Description of the task: Copy the listing that follows exactly. Its pictures do not belong in the copy.

Task inputs:
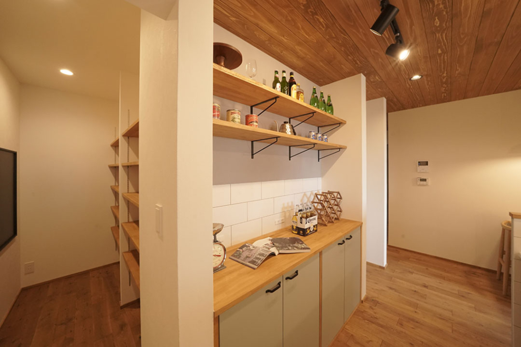 奥のパントリーは2.1帖あり、食品や日用品のストックにもしっかり対応できます。
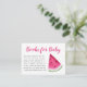 Livres de baby shower à thème pour la carte bébé avec aquarelle illustrant une pastèque rose. Cette carte demande aux clients d'apporter des livres au lieu d'une carte. Envoyez ceci avec la carte d'invitation. Idéal pour la douche d'été d'une fille.
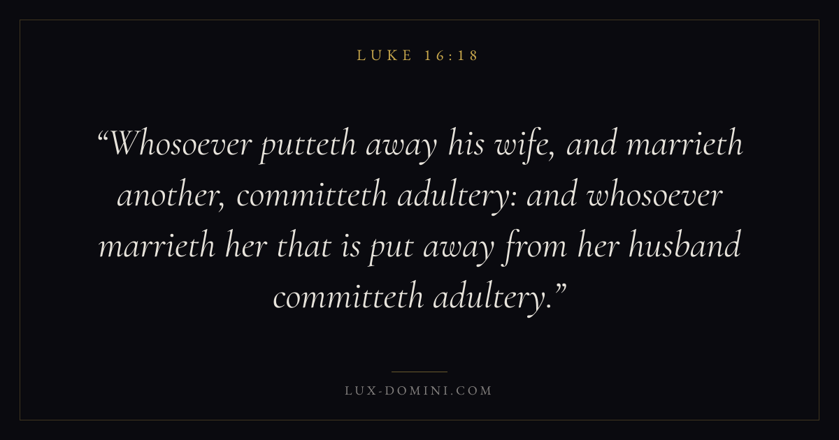 Whosoever putteth away his wife, and marrieth another, committeth adultery: and whosoever marrieth her that is put away from her husband committeth adultery.
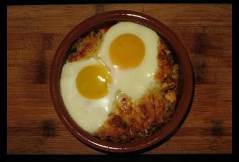 Elaboración: Lo primero que hacemos es el sofrito, echamos un chorro de aceite en una sartén, partimos los pimientos, la cebolla y el ajo en trozos pequeños y los añadimos. Lo dejamos pochar durante diez minutos. Salamos y lo colocamos en unas cacerolas de barro, encima echamos el pan tostado, el queso mozzarella y los huevos. Salpimentamos.
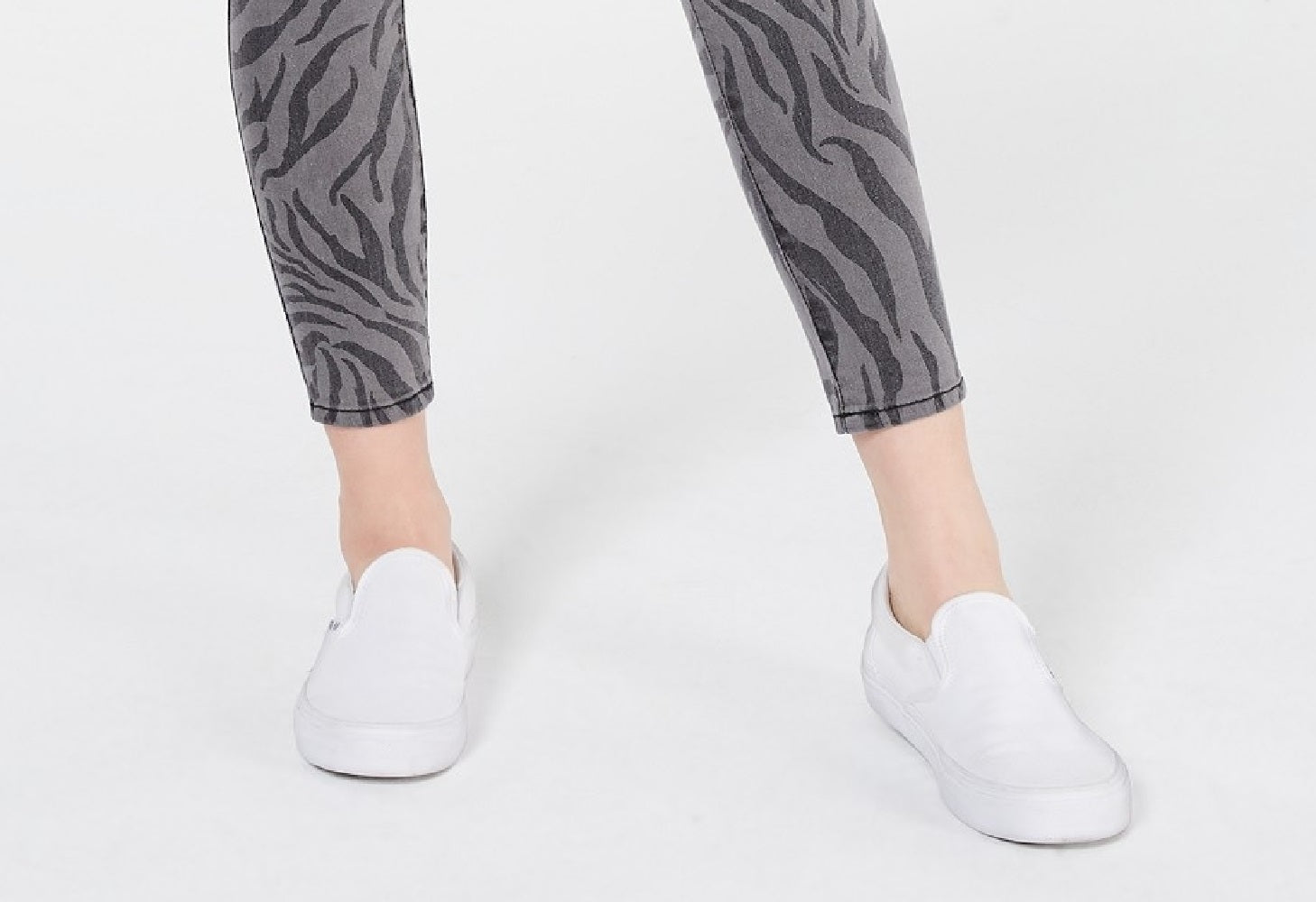 Printed zebra wash | Zipper and button closure at front; belt loops | Cotton/polyester/viscose/elastane
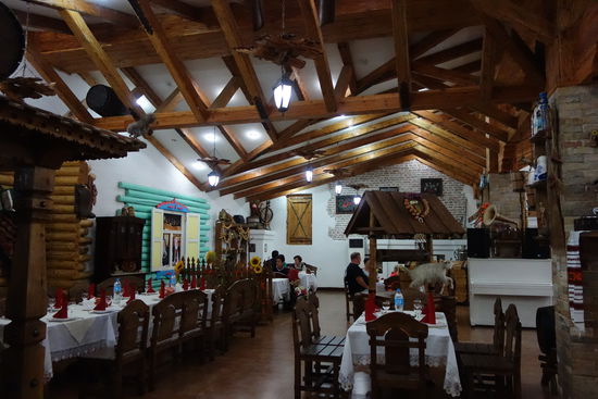Wir werden Gottseidank als Touristengruppe in die obere Etage, die zwar wenige ansprechend, dafür aber leiser ist, geführt. Auch dieser Saal ist groß und für entsprechend viele Busladungen vorgesehen.

Written response:
 奥のパントリーは2.1帖あり、食品や日用品のストックにもしっかり対応できます。
 Livres de baby shower à thème pour la carte bébé avec aquarelle illustrant une pastèque rose. Cette carte demande aux clients d'apporter des livres au lieu d'une carte. Envoyez ceci avec la carte d'invitation. Idéal pour la douche d'été d'une fille.
 Whosoever putteth away his wife, and marrieth another, committeth adultery: and whosoever marrieth her that is put away from her husband committeth adultery.
 Elaboración: Lo primero que hacemos es el sofrito, echamos un chorro de aceite en una sartén, partimos los pimientos, la cebolla y el ajo en trozos pequeños y los añadimos. Lo dejamos pochar durante diez minutos. Salamos y lo colocamos en unas cacerolas de barro, encima echamos el pan tostado, el queso mozzarella y los huevos. Salpimentamos.
 Printed zebra wash | Zipper and button closure at front; belt loops | Cotton/polyester/viscose/elastane
Wir werden Gottseidank als Touristengruppe in die obere Etage, die zwar wenige ansprechend, dafür aber leiser ist, geführt. Auch dieser Saal ist groß und für entsprechend viele Busladungen vorgesehen.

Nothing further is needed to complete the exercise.